Литмир - Электронная Библиотека
A
A

ФИЛОСОФ: В свою очередь, позволь спросить тебя: почему ты так твердо уверен, что люди не могут меняться?

ЮНОША: Вот почему. У меня есть друг, который несколько лет провел взаперти в своей комнате. Он хочет выходить на улицу и даже, по возможности, найти себе работу. Он хочет изменить свою жизнь. Я его друг, но могу утверждать совершенно объективно: он очень серьезный человек, который мог бы принести пользу обществу. Но он боится выходить из комнаты. Если он оказывается на улице, у него начинается учащенное сердцебиение, дрожат руки и ноги. Думаю, это нечто вроде панического невроза. Он хочет измениться, но не может.

ФИЛОСОФ: Как ты думаешь, в чем причина такого состояния?

ЮНОША: Я точно не знаю. Возможно, дело в его отношениях с родителями, а может быть, его травили в школе или на работе. Он мог пережить какую-то психологическую травму. Но возможно и обратное: его слишком баловали и лелеяли в детстве, и теперь он неспособен вынести столкновения с действительностью. Но я не могу совать нос в его прошлое или семейную ситуацию.

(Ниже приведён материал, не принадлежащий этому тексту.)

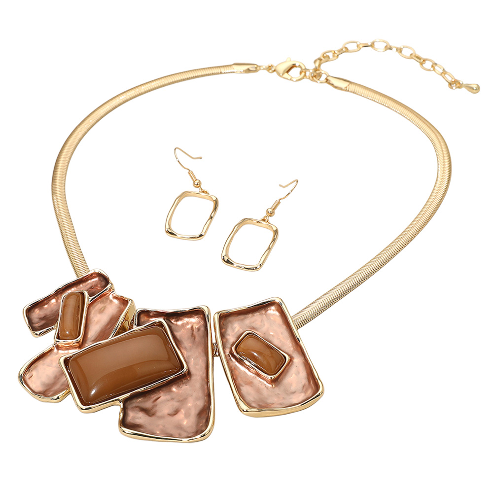 • Stylish jewelry set featuring a bold geometric necklace with matching earrings, designed in an artistic modern style. Perfect for parties, evening wear, or everyday elegance. This contemporary set adds sophistication and a fashion-forward edge to any outfit.

ФИЛОСОФ: Значит, ты говоришь, что в прошлом у твоего друга были инциденты, которые стали причиной душевной травмы, и теперь он не может выходить на улицу?

ЮНОША: Конечно. Это следствие, но должна быть какая-то причина. Тут нет ничего загадочного.

ФИЛОСОФ: Тогда, возможно, причина его расстройства кроется в домашней обстановке его детства. Родители жестоко обращались с ним, и он достиг зрелости, так и не узнав любви. Поэтому он боится взаимодействовать с людьми и не может выходить на улицу. Звучит правдоподобно, не так ли?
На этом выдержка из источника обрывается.